News from the Epicenter

Email from my friend Doug Gordon:

Things are ok here, but it was definitely the largest quake I've felt, having missed the Loma Prieta and Northridge parties by living elsewhere at the times. Was asleep when it hit, and have to say that riding a sixer on a waterbed is an interesting experience. The wave peaks threatened to launch me out of bed. Not having my glasses on, it was hard to see specifically, but the trees out the windows seemed beset by a tempest. Actually, I recommend being asleep, because I didn't seem to get quite the fear response I might have had if I been fully conscious, though consciousness comes fairly quickly at such a time.

Nothing major broke here.
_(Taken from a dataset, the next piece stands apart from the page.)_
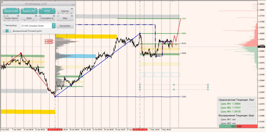 Среднесрочная тенденция: в лонг. Максимальное скопление объемов среднесрочной тенденции расположено в диапазоне по котировкам 1.36150-1.36290. В настоящий момент по паре совершаются инвестиционные операции ниже, указывая на слабость покупателей.

Two book cases fell over in the guest room (guess I'm gonna have to do something about that feature before I have someone else sleep in that bed), and various knick knacks took headers from various high places. (I'm happy to report that the Iron Giant missed the hearth on the way down from the mantle, so is intact, as are his companions, the cast from Yellow Submarine - sorry about that Paul, John!) Had very little leapage from the kitchen, though a quick examination of the cabinets revealed that had it gone on for another five seconds or so, I'd have started to lose stuff, as many glasses and other objects had their toes over the edge of the springboard. Power was out only for about five minutes or so, and never lost the phones, satellite, and internet, so figured out pretty quickly that I was more or less on top of the thing - there's always the thought that you've just caught the edge of something that's just wiped LA or something. Took slightly longer to figure out where the cats had gone to ground.

So, spent a large fraction of the day repacking the bookshelves while listening to the earth grumble occasionally. Having an earthquake of this size means you'll be putting up with a great many minor aftershocks, each of which does little other than grabbing your attention in that “wait for it” moment it takes to decide if we'll be having a sequel or not. The damage seems to be worse in the next town up the road, Paso Robles, as I'm sure every one is seeing on the news. Less newsworthy (as it doesn't make much of a visual for their fancy helicopters) is that there is some significant damage around. A friend's in-laws west of Paso have pretty extensive damage to their place--it sheared a toilet off its mountings!--and made landscape boulders well set in the soil roll to new spots. Other friends have some more cosmetic damage to deal with in their abode. I'm lucky in that my house is a simple, one-story box, the style least affected by such shakings.

Anyway, I'm off to my parents’ house for the holidays tomorrow (Tuesday), so I'll probably escape the bulk of the aftershock clusters. All is well here, though I did use up a good deal of my adrenalin reserves.